## Instructions for the task
An exact copy of the records is needed; please leave the images out.

## Entries supplied
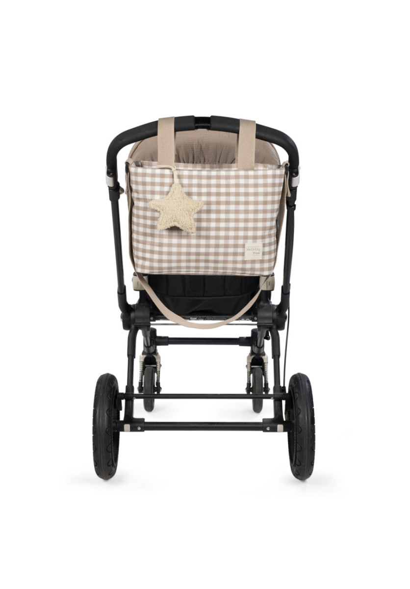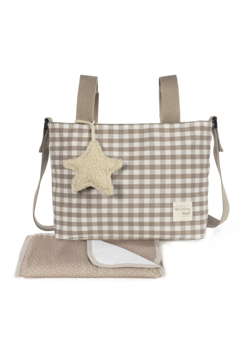 El bolso crossbody Caetana Sand de cuadros beige para silla de paseo es un modelo muy ligero además de ser resistente y espacioso para que puedas llevar todo lo que podrías necesitar durante el paseo de tu bebé. Incluye un charm en forma de estrella donde puedes bordar el nombre de tu bebé para personalizar el bolso. Aparte de la gran capacidad que tiene, está distribuido para facilitarte la organización, con varios bolsillos interiores que te ayudarán a colocar todos tus complementos ordenados y así puedes ubicarlos más fácil cuando vayas a usarlos. Dispone de un bolsillo plastificado interior para la ropa húmeda, un bolsillo térmico interior y dos bolsillos laterales. Incluye cambiador. Su diseño moderno y casual lo hacen perfecto para usar a diario y combinar con tus looks casuales o deportivos. Incorpora asas cortas con las que puedes fijarla a cualquier modelo de silla de paseo y asa larga para que te la puedas colgar en el hombro. Gran calidad y mucho estilo. Fabricado en algodón 100% con un tratamiento waterproof, de fácil limpieza a mano o a máquina a 30 °C. Walking Mum protege a tu bebé utilizando los mejores tejidos, libres de colorantes azoicos y sustancias nocivas para la salud. Nuestra colección Walking Mum está diseñada con un particular sello de estilo urbano y moderno que no pasa desapercibido, para vestir diferente los paseos con tu bebé. Las bolsas de maternidad de esta línea son más sport y prácticas, especialmente pensadas en mamás y papás modernos que aprecian los diseños más actuales y en tendencia sin dejar de lado la calidad y la funcionalidad de los accesorios que complementan y hacen más cómodos todos los paseos con sus bebés. Especificaciones: Materiales: 65% algodón /35% poliéster plastificado. Medidas: 33X25X12 cm.
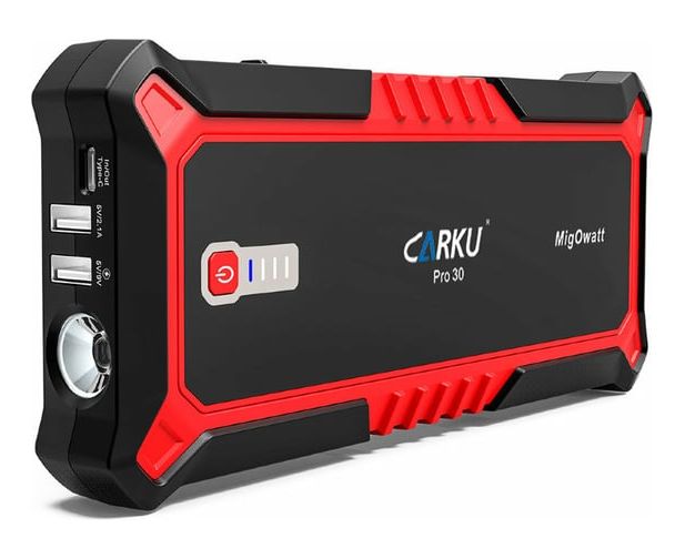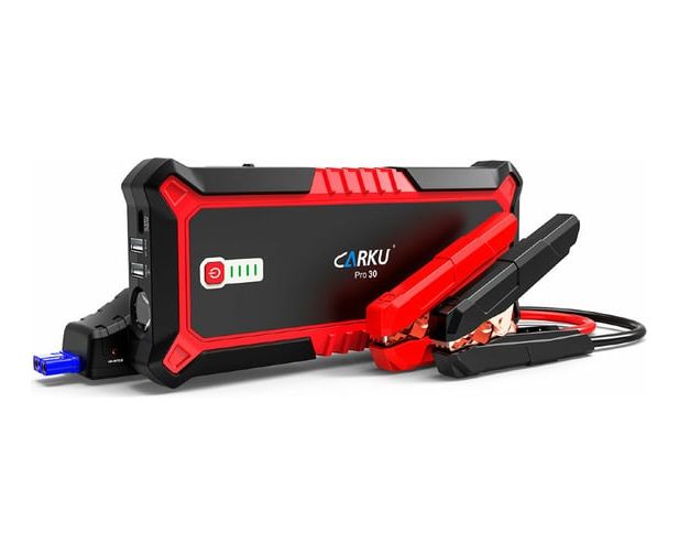 Портативное пуско-зарядное устройство CARKU 17000 mAh jump starter Pro-30 предназначено для запуска двигателей транспортных средств объёмом до 8 литров (бензин) и до 5 литров (дизель). Кроме этого может использоваться для зарядки и питания телефонов, планшетов и прочей электроники. Для этого на корпусе предусмотрены три USB-выхода: USB Type-C 15W, USB QuickCharge, USВ 5В/2,4А. Данная модель так же подходит для питания различных автоприборов, работающих от напряжения 12 В через переходник прикуривателя.
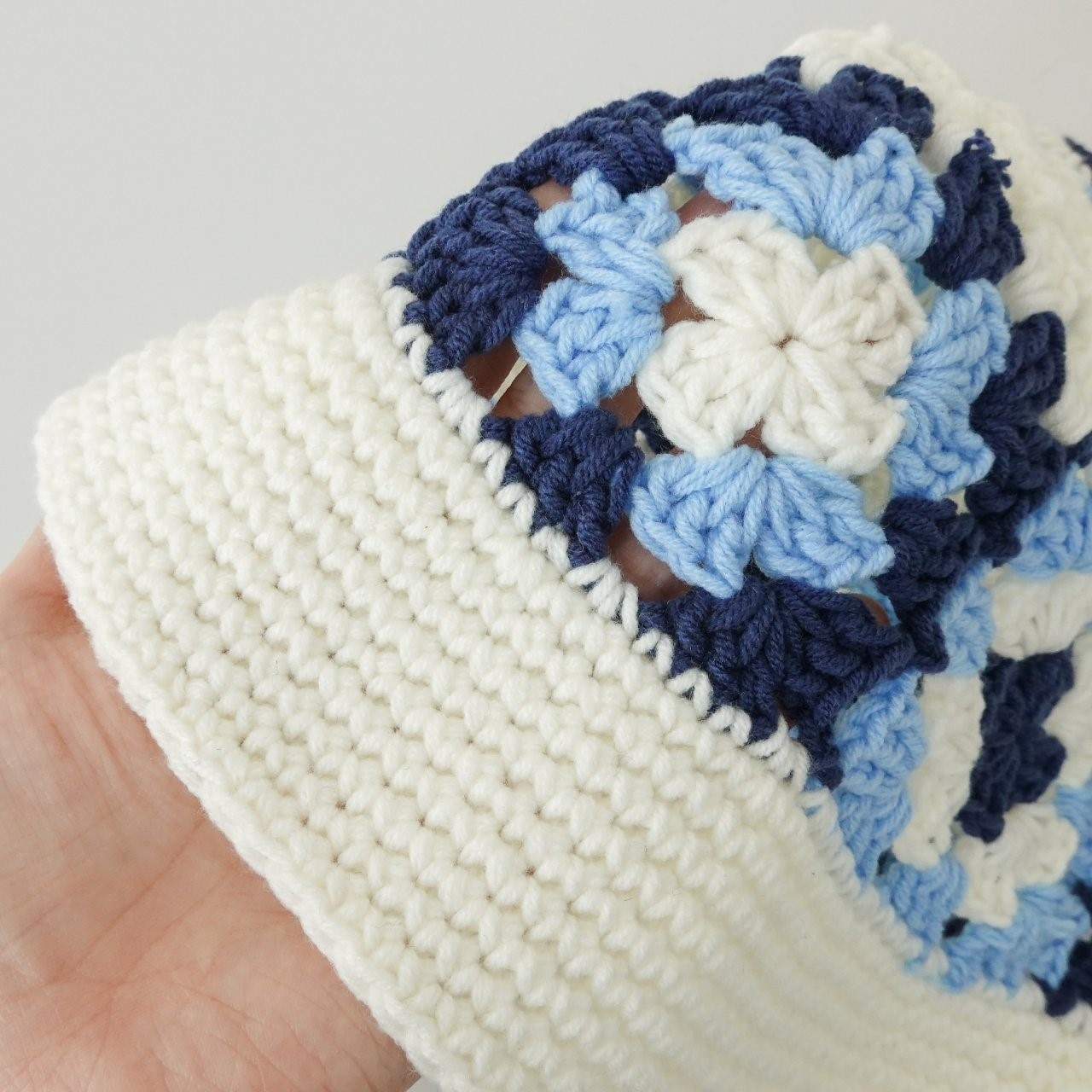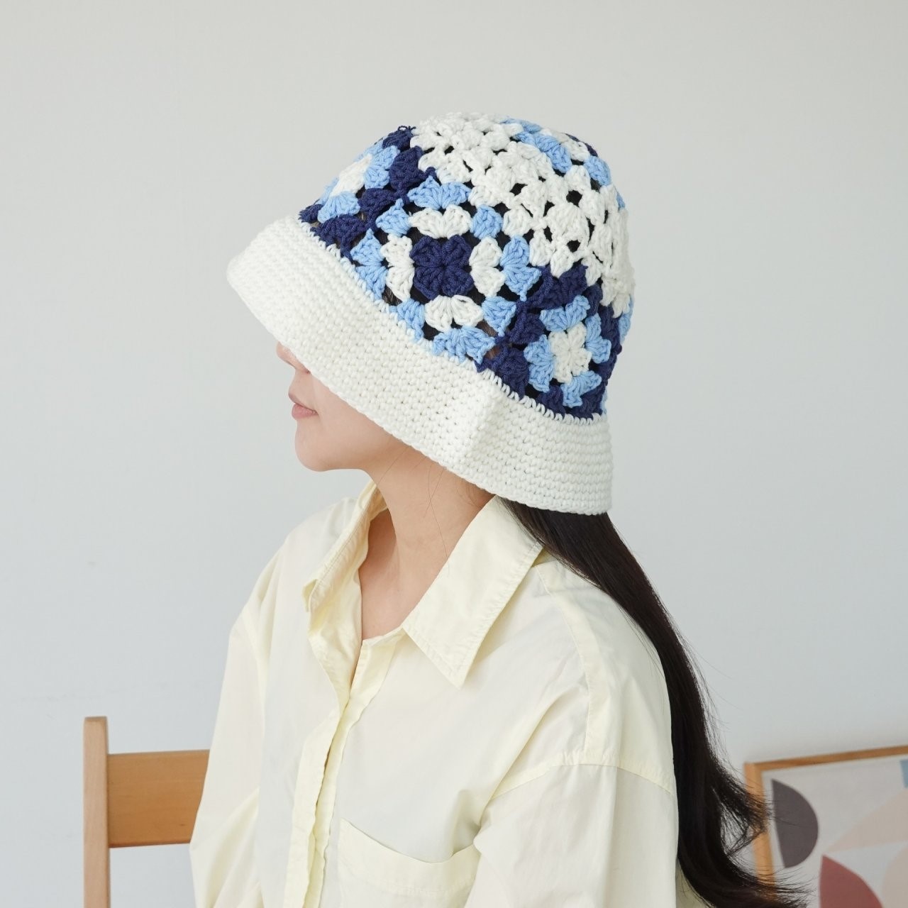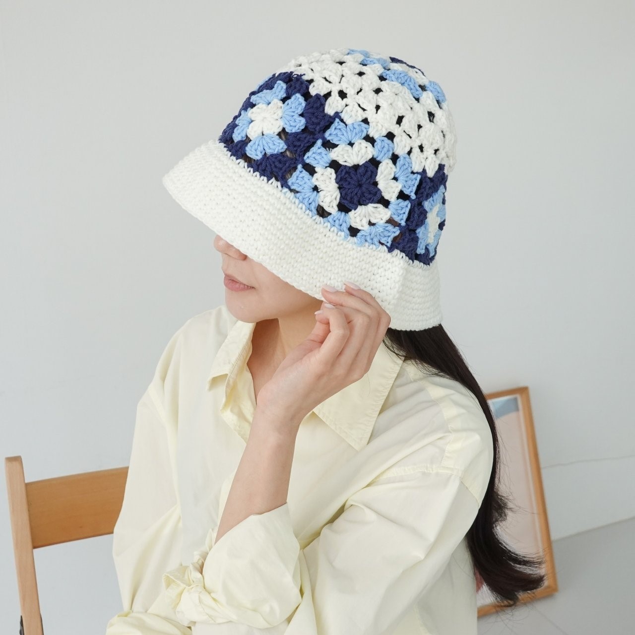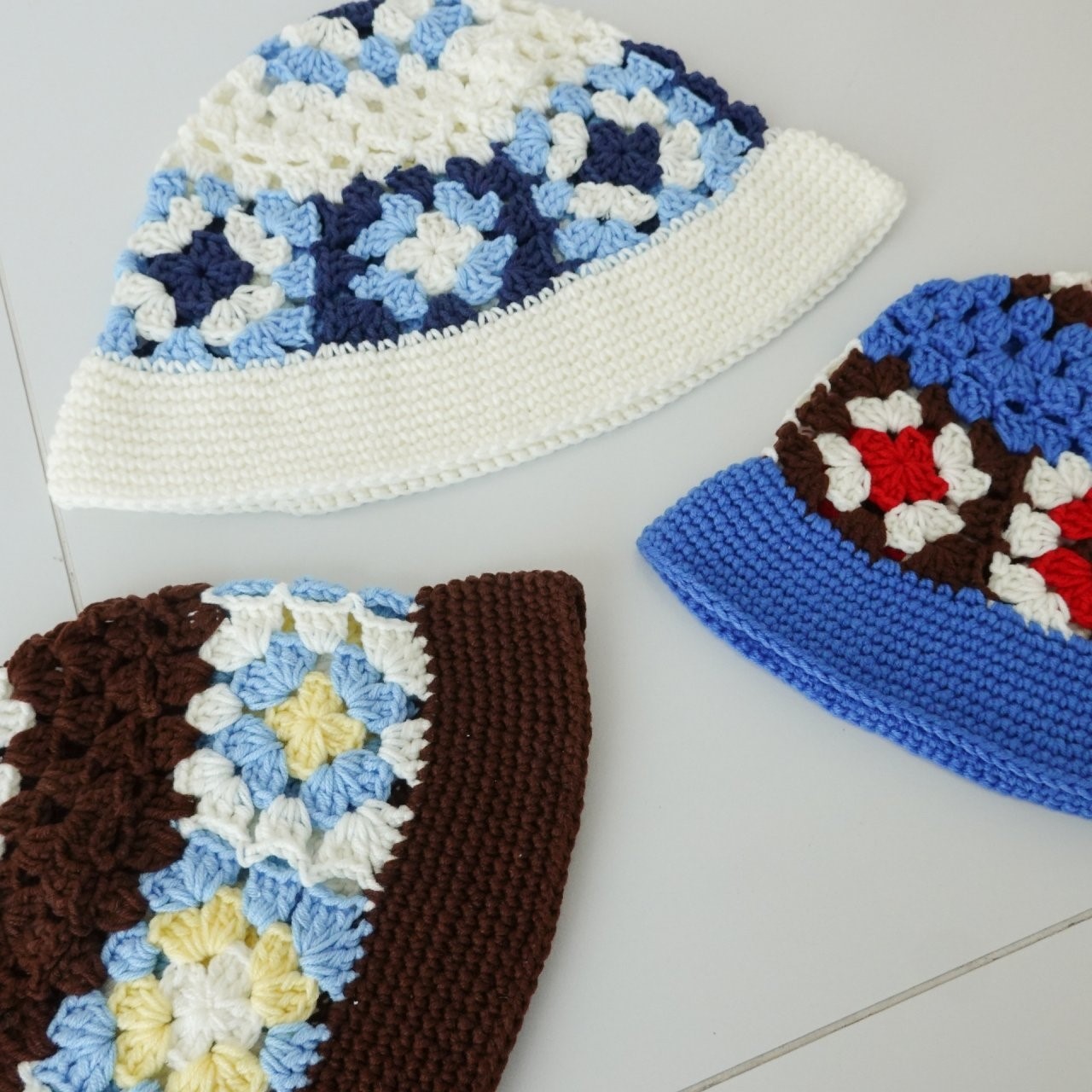 品名:BH1154 플라워 배색 니트 버킷햇 ◎※☞颜色:브라운, 블루, 화이트 ◎※☞尺寸:F ◎※☞材质:腈纶 100% 翻译
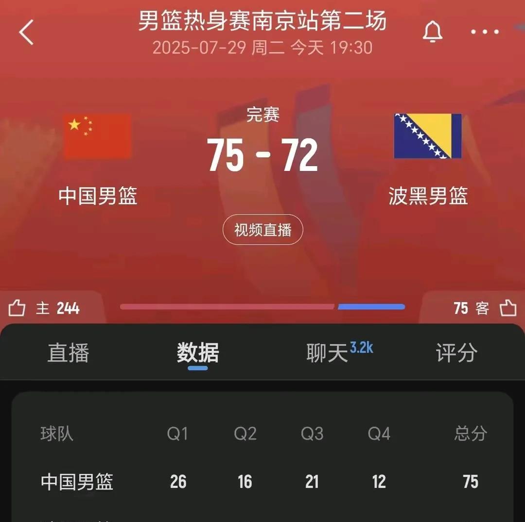 男篮75-72再胜波黑,球员评分:胡金秋100分、徐杰98分、雷蒙98分
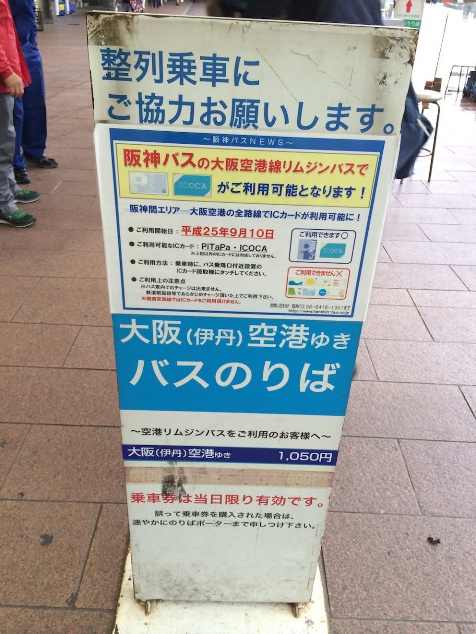 伊丹空港も三宮からはちょっと不便な場所です。電車ではいずれも乗り換えが必要だからです。リムジンバスは値段こそちょっとしますが、本数も多く後続便も出る(繁忙期)ので、安心して乗ることが出来ます。注意点は三宮の場合降り口は三宮のそごうの前ですが、乗るのは三ノ宮駅から元町に向かっていった方にある場所で若干離れていることですね。
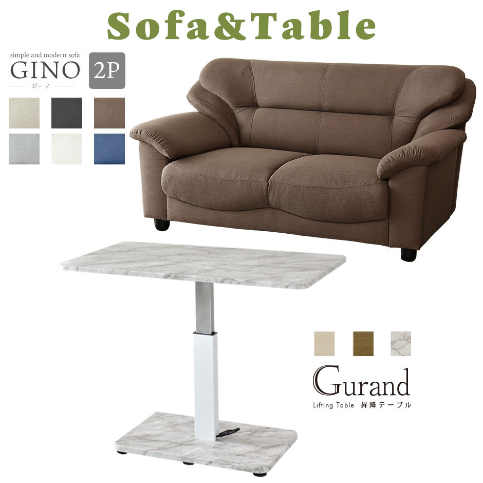 ■ソファ 2人掛け ローソファ リビングソファ I字 レザー モダン シンプル 昇降テーブル 無段階 ペダル昇降式 高さ調節 センターテーブル

## Answer box
 El bolso crossbody Caetana Sand de cuadros beige para silla de paseo es un modelo muy ligero además de ser resistente y espacioso para que puedas llevar todo lo que podrías necesitar durante el paseo de tu bebé. Incluye un charm en forma de estrella donde puedes bordar el nombre de tu bebé para personalizar el bolso. Aparte de la gran capacidad que tiene, está distribuido para facilitarte la organización, con varios bolsillos interiores que te ayudarán a colocar todos tus complementos ordenados y así puedes ubicarlos más fácil cuando vayas a usarlos. Dispone de un bolsillo plastificado interior para la ropa húmeda, un bolsillo térmico interior y dos bolsillos laterales. Incluye cambiador. Su diseño moderno y casual lo hacen perfecto para usar a diario y combinar con tus looks casuales o deportivos. Incorpora asas cortas con las que puedes fijarla a cualquier modelo de silla de paseo y asa larga para que te la puedas colgar en el hombro. Gran calidad y mucho estilo. Fabricado en algodón 100% con un tratamiento waterproof, de fácil limpieza a mano o a máquina a 30 °C. Walking Mum protege a tu bebé utilizando los mejores tejidos, libres de colorantes azoicos y sustancias nocivas para la salud. Nuestra colección Walking Mum está diseñada con un particular sello de estilo urbano y moderno que no pasa desapercibido, para vestir diferente los paseos con tu bebé. Las bolsas de maternidad de esta línea son más sport y prácticas, especialmente pensadas en mamás y papás modernos que aprecian los diseños más actuales y en tendencia sin dejar de lado la calidad y la funcionalidad de los accesorios que complementan y hacen más cómodos todos los paseos con sus bebés. Especificaciones: Materiales: 65% algodón /35% poliéster plastificado. Medidas: 33X25X12 cm.
 Портативное пуско-зарядное устройство CARKU 17000 mAh jump starter Pro-30 предназначено для запуска двигателей транспортных средств объёмом до 8 литров (бензин) и до 5 литров (дизель). Кроме этого может использоваться для зарядки и питания телефонов, планшетов и прочей электроники. Для этого на корпусе предусмотрены три USB-выхода: USB Type-C 15W, USB QuickCharge, USВ 5В/2,4А. Данная модель так же подходит для питания различных автоприборов, работающих от напряжения 12 В через переходник прикуривателя.
 品名:BH1154 플라워 배색 니트 버킷햇 ◎※☞颜色:브라운, 블루, 화이트 ◎※☞尺寸:F ◎※☞材质:腈纶 100% 翻译
 男篮75-72再胜波黑,球员评分:胡金秋100分、徐杰98分、雷蒙98分
 伊丹空港も三宮からはちょっと不便な場所です。電車ではいずれも乗り換えが必要だからです。リムジンバスは値段こそちょっとしますが、本数も多く後続便も出る(繁忙期)ので、安心して乗ることが出来ます。注意点は三宮の場合降り口は三宮のそごうの前ですが、乗るのは三ノ宮駅から元町に向かっていった方にある場所で若干離れていることですね。
 ■ソファ 2人掛け ローソファ リビングソファ I字 レザー モダン シンプル 昇降テーブル 無段階 ペダル昇降式 高さ調節 センターテーブル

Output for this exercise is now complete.